Classification of Routing Algorithms: The routing algorithms can be classified as follows: 

1. Adaptive Algorithms – 
These are the algorithms that change their routing decisions whenever network topology or traffic load changes. The changes in routing decisions are reflected in the topology as well as the traffic of the network. Also known as dynamic routing, these make use of dynamic information such as current topology, load, delay, etc. to select routes. Optimization parameters are distance, number of hops, and estimated transit time. 

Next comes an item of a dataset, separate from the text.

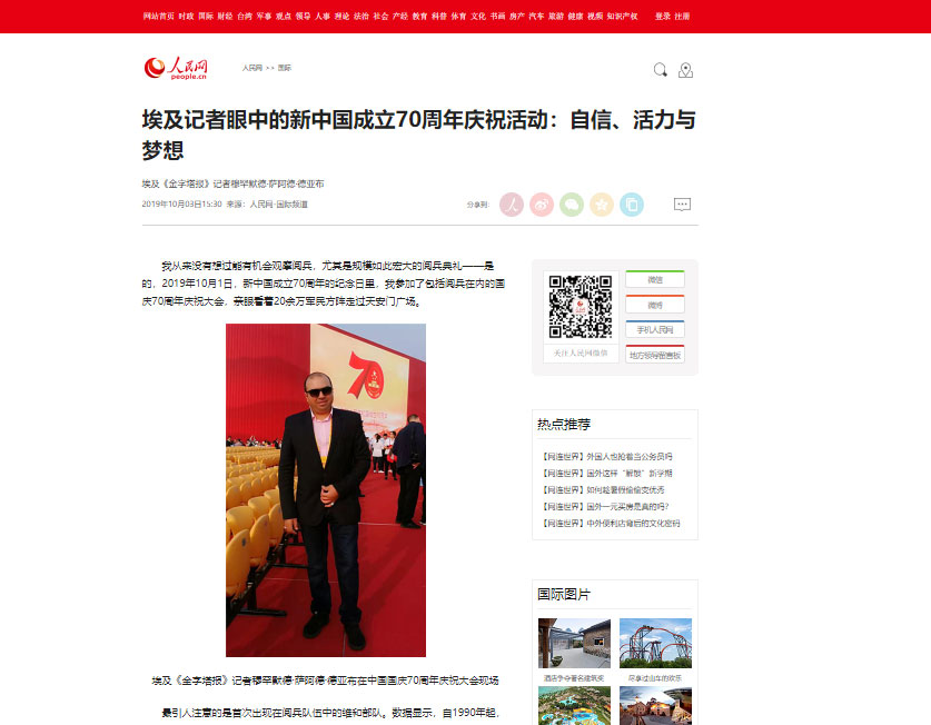 لم يكن في مخيلتي يومًا أن القدر سوف يكتب لي حضور عرض عسكري في حياتي الصحفية، وأن تكون المرة الأولى لي في عرض بهذا الحجم الضخم من التطور، إنه عرض جيش التحرير الشعبي الصيني، الذي تم في صباح يوم الثلاثاء الماضي الأول من أكتوبر 2019، احتفالا بالذكرى السبعين لتأسيس جمهورية الصين الشعبية، حيث مرت تشكيلات تجاوز عددها قرابة 15 جندي ميدان تيان آن من بخلاف تشكيلات الضباط والمدنيين كي يصل العدد الإجمالي 100 ألف شخص.

Further, these are classified as follows: 

  • (a) Isolated – In this method each, node makes its routing decisions using the information it has without seeking information from other nodes. The sending nodes don’t have information about the status of a particular link. The disadvantage is that packets may be sent through a congested network which may result in delay. Examples: Hot potato routing, backward learning. 
  • (b) Centralized – In this method, a centralized node has entire information about the network and makes all the routing decisions. The advantage of this is only one node is required to keep the information of the entire network and the disadvantage is that if the central node goes down the entire network is done. The link state algorithm is referred to as a centralized algorithm since it is aware of the cost of each link in the network.
  • (c) Distributed – In this method, the node receives information from its neighbors and then takes the decision about routing the packets. A disadvantage is that the packet may be delayed if there is a change in between intervals in which it receives information and sends packets. It is also known as a decentralized algorithm as it computes the least-cost path between source and destination

2. Non-Adaptive Algorithms – 
These are the algorithms that do not change their routing decisions once they have been selected. This is also known as static routing as a route to be taken is computed in advance and downloaded to routers when a router is booted. 

Further, these are classified as follows: 

  • (a) Flooding – This adapts the technique in which every incoming packet is sent on every outgoing line except from which it arrived. One problem with this is that packets may go in a loop and as a result of which a node may receive duplicate packets. These problems can be overcome with the help of sequence numbers, hop count, and spanning trees. 
  • (b) Random walk – In this method, packets are sent host by host or node by node to one of its neighbors randomly. This is a highly robust method that is usually implemented by sending packets onto the link which is least queued.